Watching Suzuki’s delirious descent into the self-annihilating logic of the assassin, and the inevitability of desire, made me wonder: what is it that makes this film primary and Tarantino secondary? It is certainly not that Suzuki’s film has no sources and reference points of its own. The sharp suits, cool violence, claustrophobic spaces and chiaroscuro could easily be traced to American noir. And as in noir, the unadvisable yet irresistible, in the shape of Misako, liquor and tobacco, is very much to the fore. So why, beyond snobbery, do I not find Suzuki knowing and wannabe in the same way as a lot of Tarantino? One way into this would be Suzuki’s film’s relationship to commodities. Tarantino’s aesthetic is affluent to the point of being bloated: there is no sense of desperation or risk. Suzuki’s Japan, on the other hand, is aspirational with its Ray Bans and cigarettes, but it is also avid with austerity. A car that looks a bit like a Morris Minor trundles round a beach mowing down colleagues/adversaries in a battle with no apparent motivation beyond itself. The car, even then surely ridiculously, absurdly cute for the job, struggles up a dune towards a concrete blockhouse, presumably a second-world war coastal defence. One petrol-can later, the bunker is ablaze.

The scene encapsulates a clash of commodity and landscape that seems to me to inform the whole film. The blockhouse stands as a reminder of the recent past, of defeat, ruin and desertion. The car has been built from a British design under licence; the foundation of an automotive industry that will soon, but not yet, cap Japan’s post-war economic miracle. Beyond the ‘existential’ futility of a shoot-out between the numbered minions of a nameless organisation, there is another battle going on here, between fetishisation and pathos; between the desire for, and the humiliation by, imported glamour. The bottle of Napoleon brandy that glows centre-screen against a murky interior is there for one thing as the counterpart of Annu Mari’s femme fatale, but for another as a popular and longstanding Japanese tipple. But this is the flipside of Bill Murray’s abortive ads for Suntory Whisky in Lost in Translation. Suzuki neither mocks nor apologises for the bottle of Napoleon. His aesthetic imports the fatality of the commodity along with its glamour. Tarantino, on the other hand, imports nothing because his aesthetic already owns everything on the same flat plane of lazy availability.

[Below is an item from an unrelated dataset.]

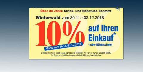 Die Strick- und Nähstube bietet euch zum Winterwald einen Rabatt von 10% - dazu gehört Nähzubehör, Stoffe, Accessoires und vieles mehr!

There is a danger in this argument of casting commodification itself as an export from the west. The bottle of Napoleon as a normal feature of Japanese life is already a clue here. In another remarkable scene, Hanada takes out a hit with one shot in the blink of a giant mechanised cigarette lighter on an advertising hoarding. Does commercialization equate to Americanisation here? The subsequent American appropriation of Japan as the very source of grandiose advertising and media hyperreality, from Blade Runner to William Gibson, somewhat complicates this model. This re-release, and this review, are likewise testimony to a willing re-invasion from the east that is at once imperialistic and critical. The critical element depends on the fact that this film is, in all the senses I have been discussing, not simply ‘Japanese’; securely oriental and comfortably other. There are ‘Japanese’ elements in Suzuki’s film, but they are ones that do not allow me to simply orientalise. Hanada’s house takes the structure of the Japanese house to a level of abstraction approaching noirish delirium: the camera pans across a field of lengthy, too-close-together partitions that reduce the space to a series of brutally foreshortened corridors, broken only by a shower room and spiral staircase. The main indication that there is living space at all is provided by Hanada and his wife’s inventive and gymnastic lovemaking. The space that emerges is neither ‘authentically’ Japanese nor manneristically noir: it is a properly artful Japanese noir that reminds us, more forcefully than anything, that the American original was itself more than mere, easily appropriated mannerism.